Ловушка

248
0
Поделиться:

От пейзажа открывшегося, точно акварельного, мозг Винсента застлало бесповоротно, точно что-то помутилось, и теперь в реку горную, дымную, кидают булыжники, чтобы этот поток нейтрализовать и остановить. Губы потрескавшиеся пересохли, а спину пробрал лёгким прикосновением липкий пот. Страшно уже не было, это «страшно» осталось где-то позади, и вряд ли оно заставляло прикурить сигарету нервно и показательно руками с лёгкой тряской. Сглотнул шумно, отмечая, что в воздухе всё так же пахнет сыростью, что сделано всё более, чем на уровне.

Вслед за ним выскочил и Фрай, что заставило вырваться едковатый и терпкий смешок, да отойти к углу дома.
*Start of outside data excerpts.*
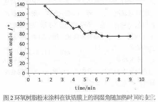 由圖2可知,環氧樹脂粉末涂料在熔融鋪展過程中的對鈦鋯膜的潤濕角整體呈降低趨勢,潤濕角由1.5min時的136°逐步降低至流平終點的74.6°。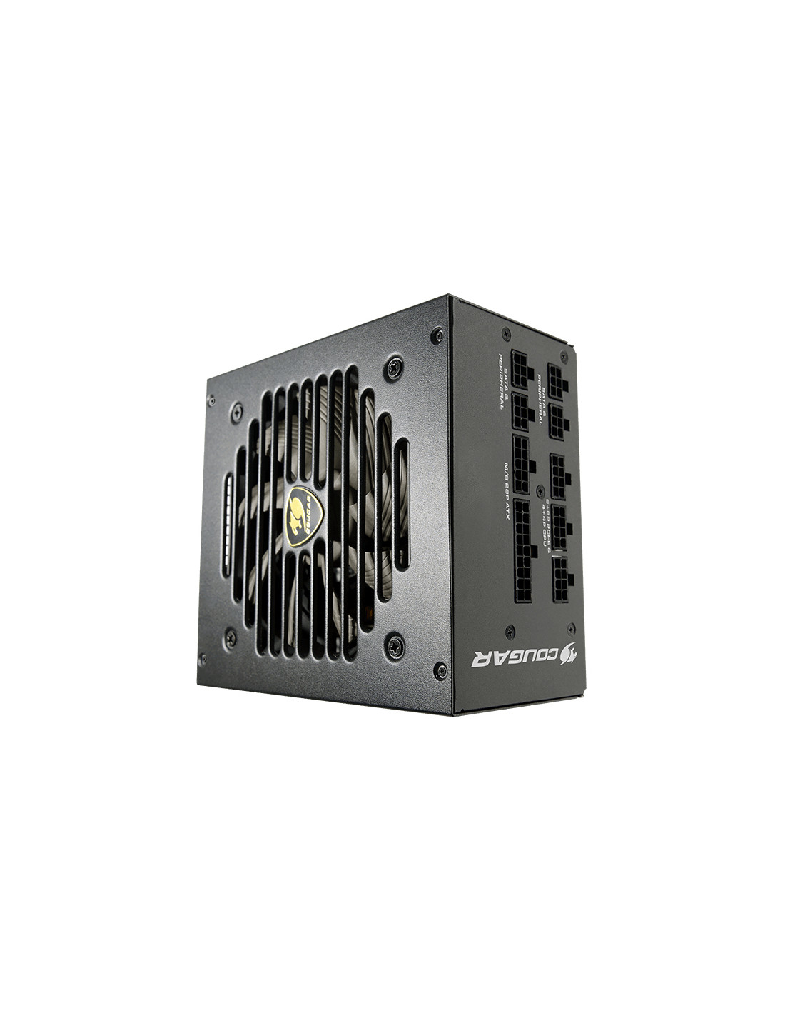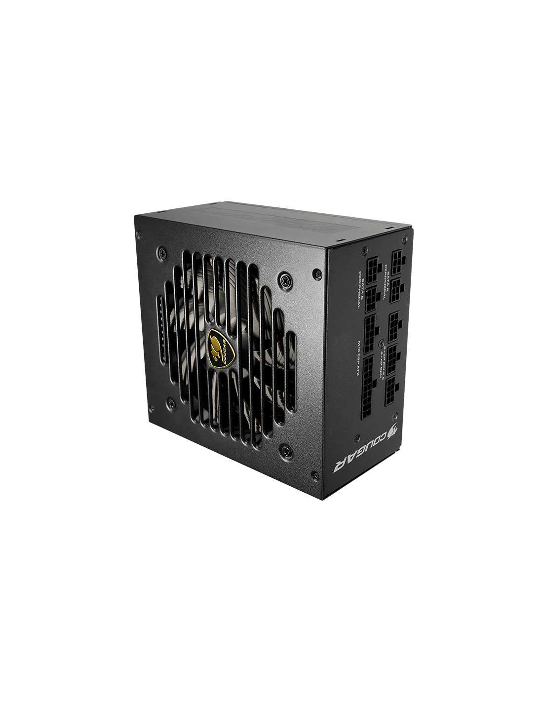 COUGAR CGRGEX-750. Potenza totale: 750 W, Tensione di ingresso AC: 100 - 240 V, Frequenza di ingresso AC: 50 - 60 Hz. Connettore scheda madre: 20+4 pin ATX, Lunghezza del cavo di alimentazione della scheda madre: 61 cm, Lunghezza del cavo di alimentazione SATA: 120,450 mm. Utilizzo: PC, Fattore di forma dell'unità di alimentazione (PSU): ATX, Certificazione 80 PLUS: 80 PLUS Gold. Colore del prodotto: Nero, Tipo di raffreddamento: Attivo, Diametro del ventilatore: 12 cm. Cavi inclusi: AC, CPU, PCIe, Peripheral (Molex), SATA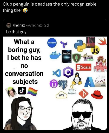 minus-squareCethin@lemmy.ziplinkfedilinkEnglisharrow-up24arrow-down1·3 months agoWell, the punchline of this one is that they think the Linux logo is Club Penguin, but yeah, the original (if it ever existed on its own) is bad.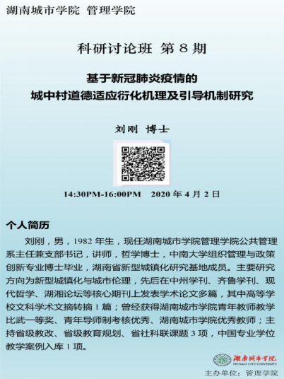 本次科研讨论班邀请了JN江南·(中国)体育官方网站学科建设与发展规划处副处长汤勇教授主持,学院院长孙倩教授、科研副院长赵旭教授及管理学院教师共23人参加。本次科研讨论班由“城乡治理与工程管理”团队负责人任国平博士组织,“行政伦理与公共管理”团队负责人刘刚博士主讲。刘刚博士结合当下疫情和自身研究方向,选择《基于新冠肺炎疫情的城中村道德适应衍化机理及引导机制研究》为主题,探讨新冠肺炎疫情下城中村居民道德适应的范式转化、衍化机理,为新冠疫情下的城中村居民城市适应进行慎的伦理反思和道德辩护。讲座期间管理学院多位老师就刘刚博士的研究问题进行了积极的讨论,取得了很好的反响。(通讯员:任国平)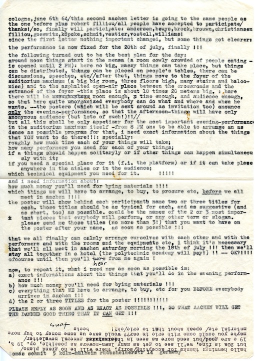 cologne, june 6th 64/this second aachen letter is going to the same people as the one before plus robert filliou/all people have accepted to participate/thanks!/so, finally will participate: andersen, beuys, brock, brouwn, christiansen, filliou, gosewitz, köpcke, schmit, vautier, vostell, williams!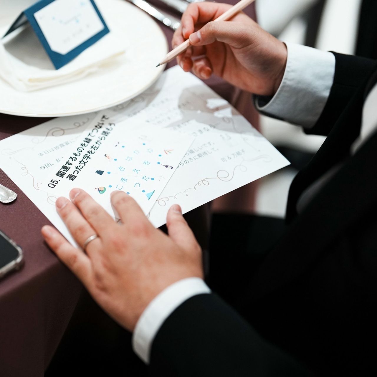 そのため、待ち時間もゲストを飽きさせないよう、2人の共通の趣味である「謎解き」を自作して挑戦してもらったり、ゲストから評判の良いケーキビュッフェを用意したり、サプライズ花火をあげたりしました。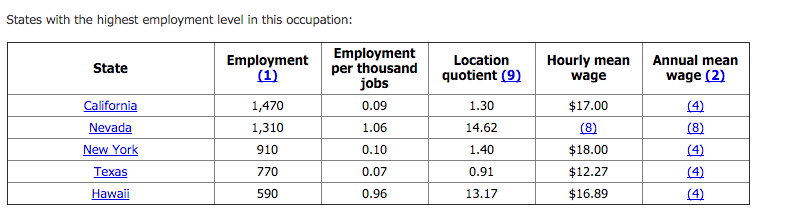 The following maps illustrate general guidelines for dance employment in the United States. While many states are highlighted, the highest concentration of Dance jobs can be found in New York City, Los Angeles, Florida, Chicago and Nevada. New York City leads the way in dance opportunities.
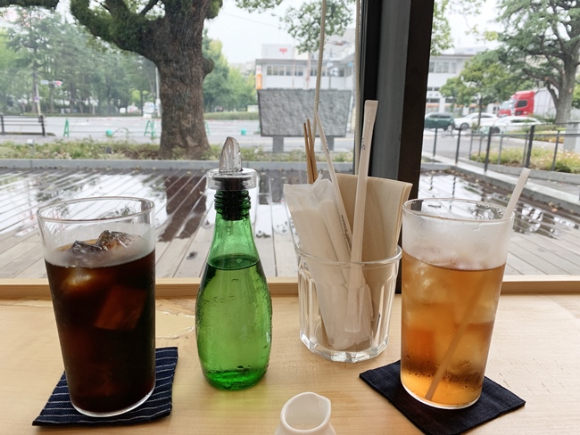 天井高く、ガラス張りの店内からは外のクスノキを眺める事が出来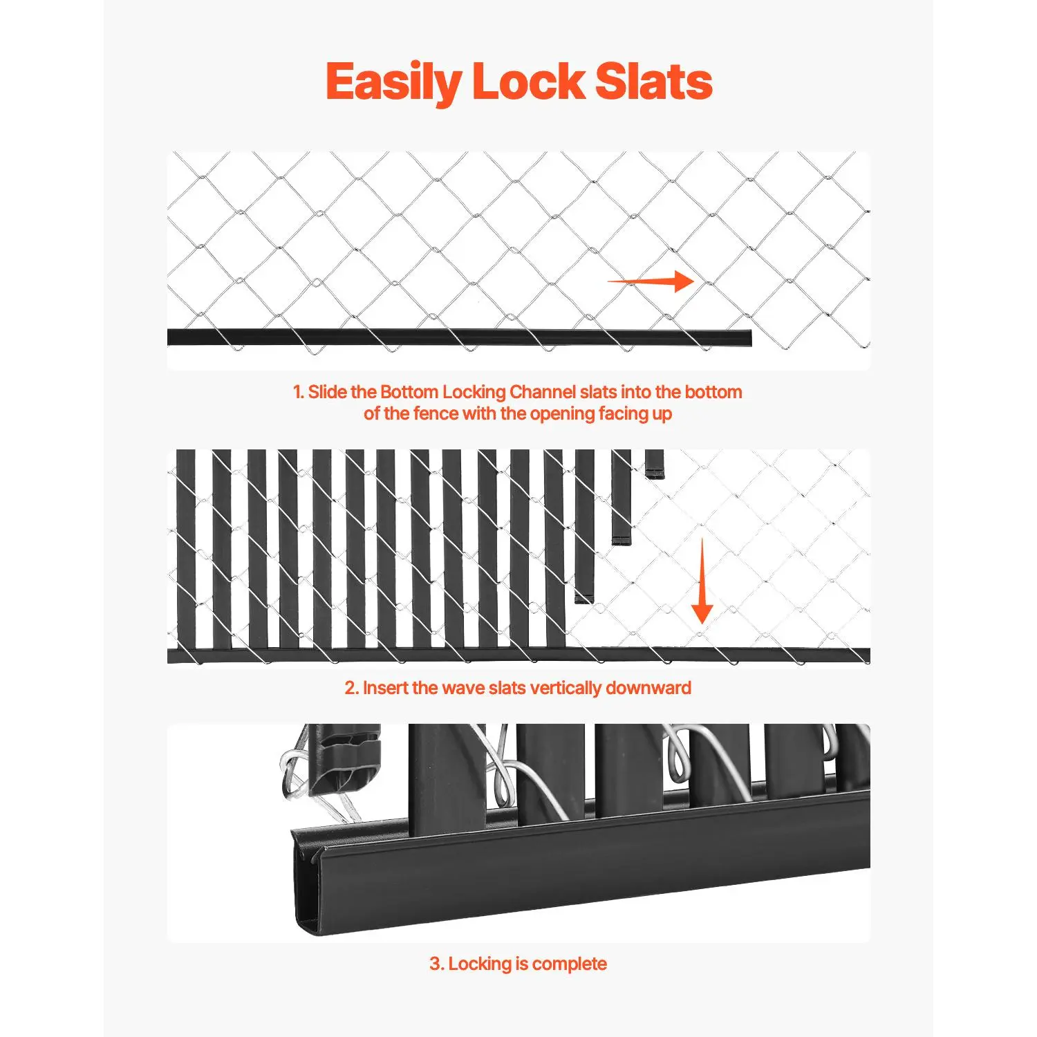 • Quick Installation: You just need to simply snap the slats into the bottom locking channel for secure attachment. This not only improves the installation efficiency of the chain link privacy slats but also ensures their security and stability during use.
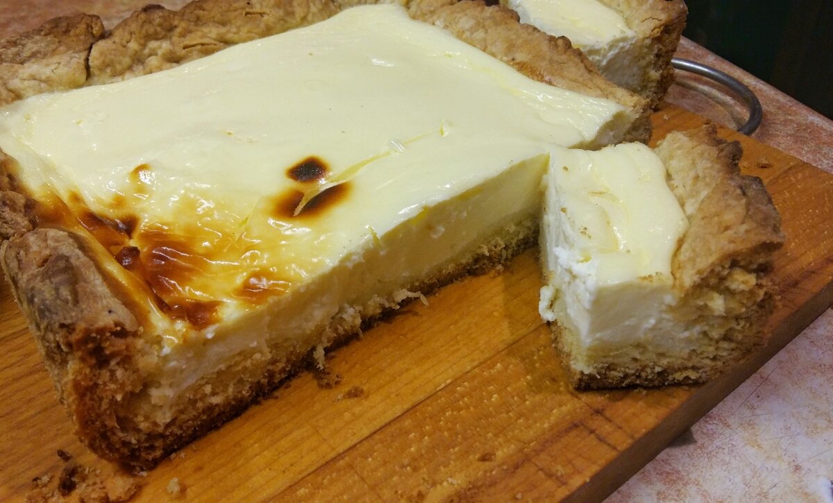*ванилин – по желанию. Приготовление: 1)Взбить размягченное масло, яйцо и сахар. 2)Добавить просеянную муку и разрыхлитель. Замесить тесто. 3)Разъемную форму (d 24 см.) смазать маслом. Тесто раскатать в пласт 0,3 см и с помощью скалки перенести в форму. Распределить по форме, сделать бортики примерно 3 см. 4)Для начинки венчиком взбить сметану с яйцами, ванилином и сахаром до однородности. 5) Начинку выливаем на тесто - должно получиться так, что бортики будут выше, чем начинка. 6) Духовку разогреваем до 180-200 градусов. Выпекать пирог 30-40 минут. Готово! Приятног

Вдох короткий и надрывный выдох не сделали из него королеву драмы, но в уверенном прохождении спектакля не оставляли сомнений. Всё прошло, как надо, рычаг запустил ржавую металлическую цепь.

И Ремингтон отчего-то решил пройти вокруг восточной стены. Только отвернулся, и губы тронула линия усмешки. Скрипучий и сухой кашель сжал кольцом лёгкие, неприятно давя на грудь, точно корсетом.

Резко Ремингтон понял, что где-то в стороне скрипнула под тяжестью веса ветка или мелкий сучок.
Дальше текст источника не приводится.